▶ Description of the task
Give the lines again exactly as they appear below, from the line with "Formazione: Bush; Duvall" to the line with "Олимпия, тренажерный зал", both included, and only those lines. Leave every picture out.

Excerpts from a dataset
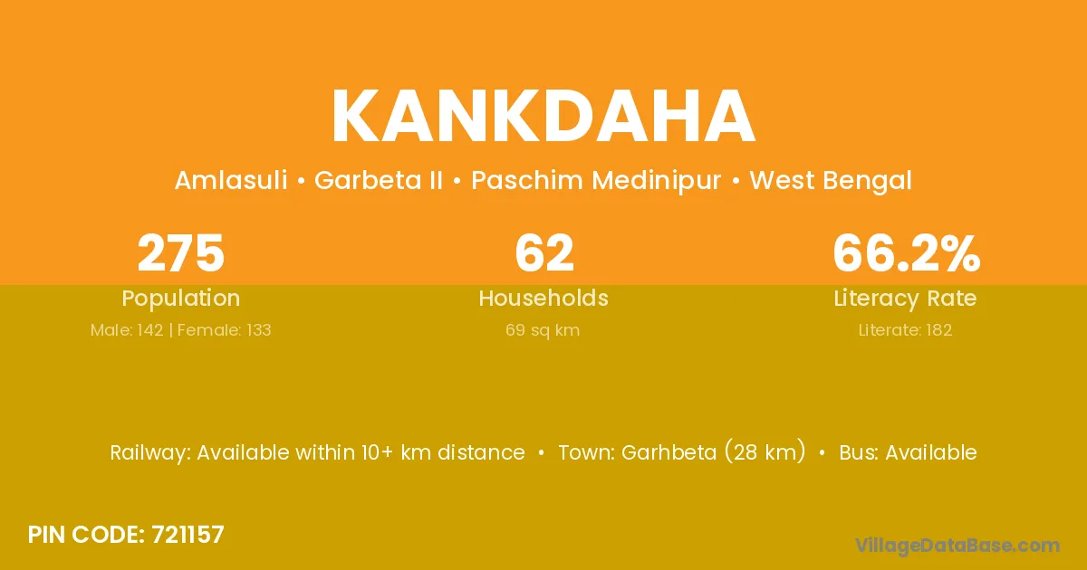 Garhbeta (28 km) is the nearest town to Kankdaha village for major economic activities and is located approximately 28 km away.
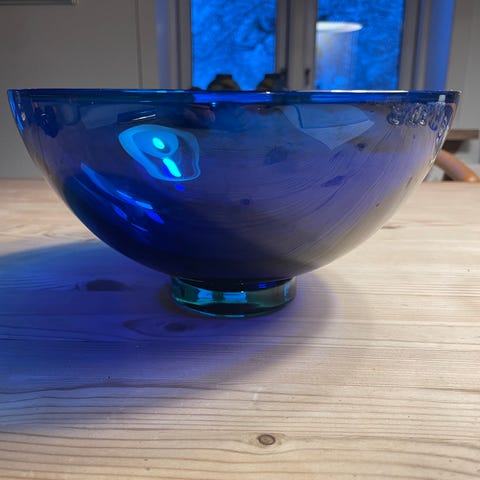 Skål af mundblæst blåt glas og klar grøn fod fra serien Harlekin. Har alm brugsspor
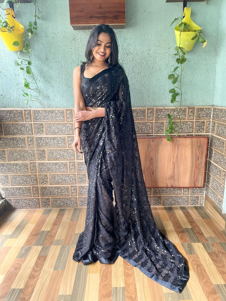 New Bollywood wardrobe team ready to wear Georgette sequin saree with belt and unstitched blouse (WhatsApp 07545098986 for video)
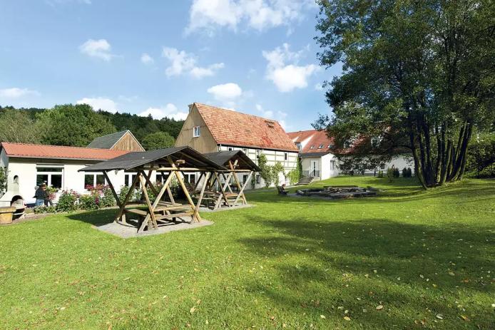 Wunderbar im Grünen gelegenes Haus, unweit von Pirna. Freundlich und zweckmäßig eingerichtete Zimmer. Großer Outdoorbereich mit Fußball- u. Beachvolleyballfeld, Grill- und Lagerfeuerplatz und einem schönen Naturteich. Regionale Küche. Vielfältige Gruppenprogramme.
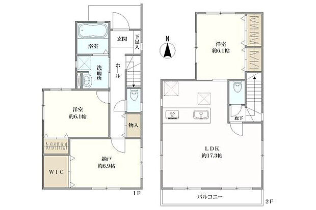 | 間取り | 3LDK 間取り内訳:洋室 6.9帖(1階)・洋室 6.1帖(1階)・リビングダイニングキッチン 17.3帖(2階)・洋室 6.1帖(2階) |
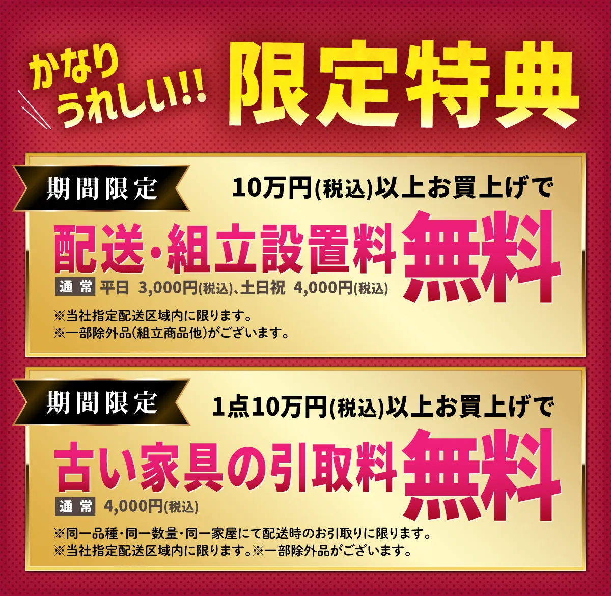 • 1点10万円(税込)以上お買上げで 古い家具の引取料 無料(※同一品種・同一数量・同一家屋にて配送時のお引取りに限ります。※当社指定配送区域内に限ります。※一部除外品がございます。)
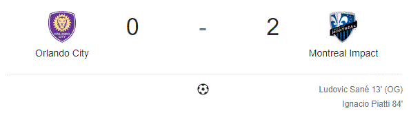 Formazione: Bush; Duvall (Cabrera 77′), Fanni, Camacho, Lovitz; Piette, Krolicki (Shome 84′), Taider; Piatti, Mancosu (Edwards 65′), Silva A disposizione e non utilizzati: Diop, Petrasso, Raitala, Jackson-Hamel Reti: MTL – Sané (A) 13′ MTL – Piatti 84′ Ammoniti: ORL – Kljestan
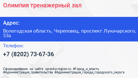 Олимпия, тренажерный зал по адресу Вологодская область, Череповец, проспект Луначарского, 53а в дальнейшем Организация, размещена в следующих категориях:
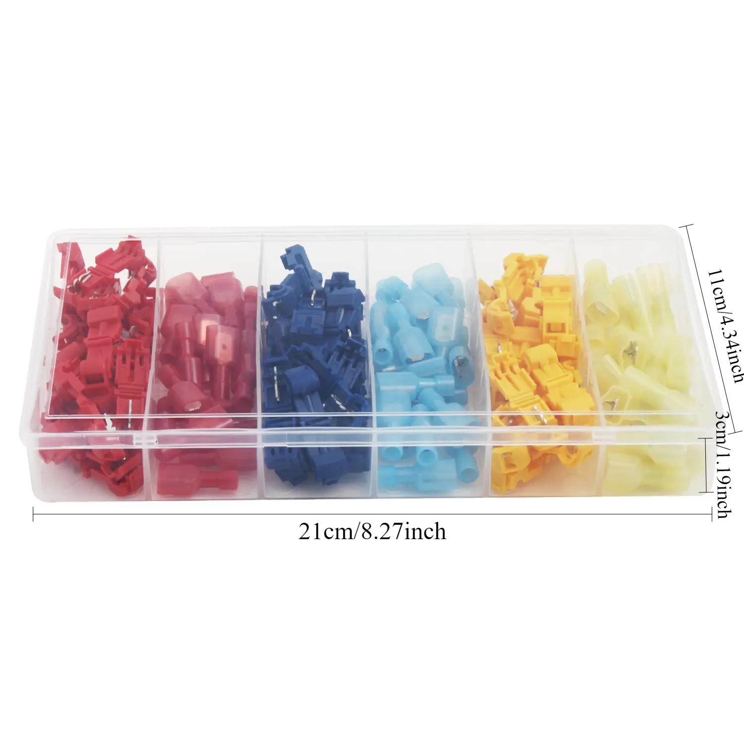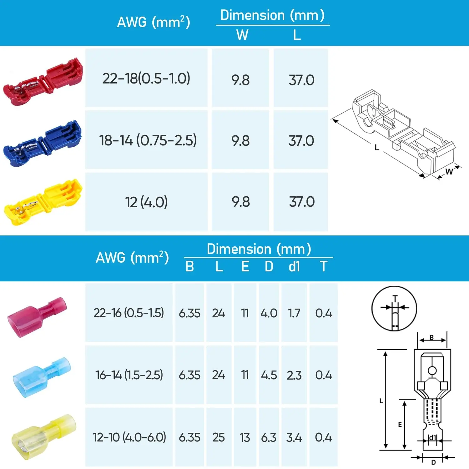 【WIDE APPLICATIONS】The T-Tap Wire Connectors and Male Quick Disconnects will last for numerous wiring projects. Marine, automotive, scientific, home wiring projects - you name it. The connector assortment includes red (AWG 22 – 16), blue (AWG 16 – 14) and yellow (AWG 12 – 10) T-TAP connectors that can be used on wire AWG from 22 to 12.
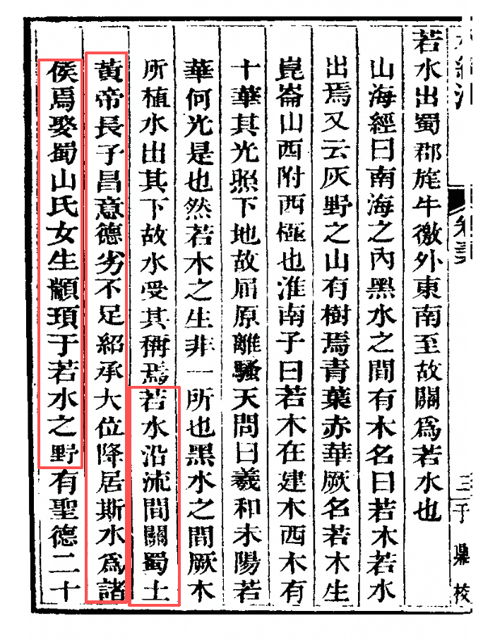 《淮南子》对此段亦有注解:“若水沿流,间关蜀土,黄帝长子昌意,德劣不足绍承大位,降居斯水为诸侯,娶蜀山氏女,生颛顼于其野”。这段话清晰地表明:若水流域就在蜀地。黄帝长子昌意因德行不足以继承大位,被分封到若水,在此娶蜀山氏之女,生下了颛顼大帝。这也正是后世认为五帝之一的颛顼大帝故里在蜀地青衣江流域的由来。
...
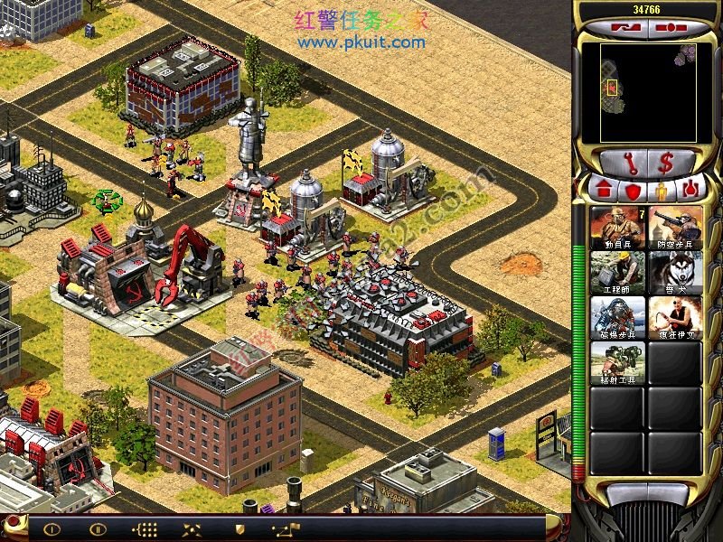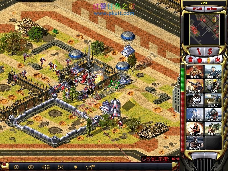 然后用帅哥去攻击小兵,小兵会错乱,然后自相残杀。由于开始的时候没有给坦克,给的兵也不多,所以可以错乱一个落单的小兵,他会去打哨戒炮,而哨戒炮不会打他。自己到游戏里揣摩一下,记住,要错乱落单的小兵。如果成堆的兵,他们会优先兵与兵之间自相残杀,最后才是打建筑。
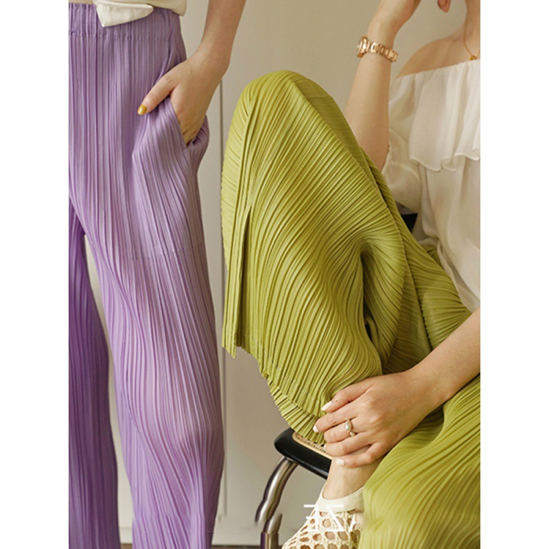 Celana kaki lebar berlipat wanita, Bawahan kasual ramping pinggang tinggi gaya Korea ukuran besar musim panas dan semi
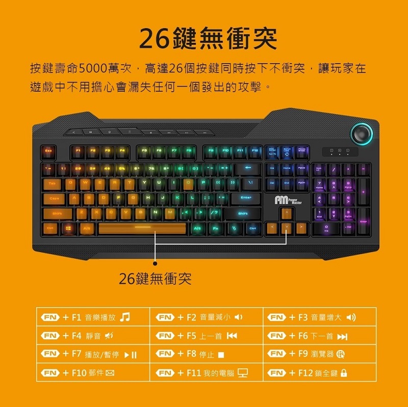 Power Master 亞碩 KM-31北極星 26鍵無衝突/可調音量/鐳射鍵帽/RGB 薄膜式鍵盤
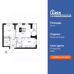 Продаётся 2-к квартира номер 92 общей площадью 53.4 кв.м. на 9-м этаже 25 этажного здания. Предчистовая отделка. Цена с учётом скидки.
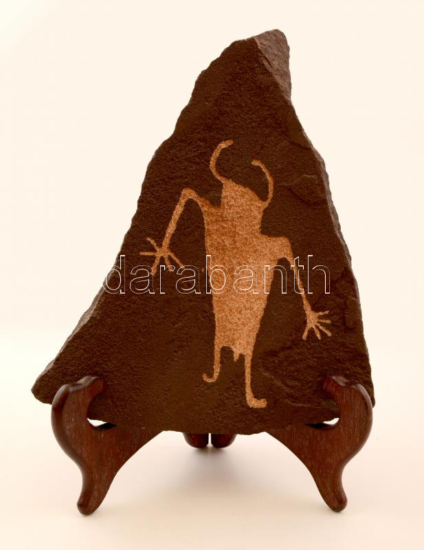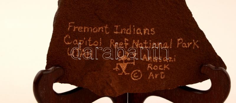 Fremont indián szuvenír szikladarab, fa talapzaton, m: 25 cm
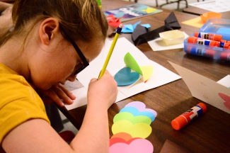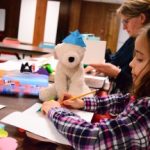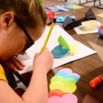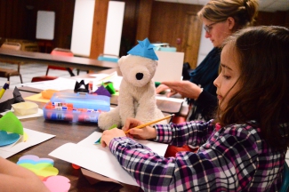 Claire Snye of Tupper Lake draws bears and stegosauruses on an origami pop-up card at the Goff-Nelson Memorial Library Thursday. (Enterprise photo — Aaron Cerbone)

▶ Result
 Formazione: Bush; Duvall (Cabrera 77′), Fanni, Camacho, Lovitz; Piette, Krolicki (Shome 84′), Taider; Piatti, Mancosu (Edwards 65′), Silva A disposizione e non utilizzati: Diop, Petrasso, Raitala, Jackson-Hamel Reti: MTL – Sané (A) 13′ MTL – Piatti 84′ Ammoniti: ORL – Kljestan
 Олимпия, тренажерный зал по адресу Вологодская область, Череповец, проспект Луначарского, 53а в дальнейшем Организация, размещена в следующих категориях:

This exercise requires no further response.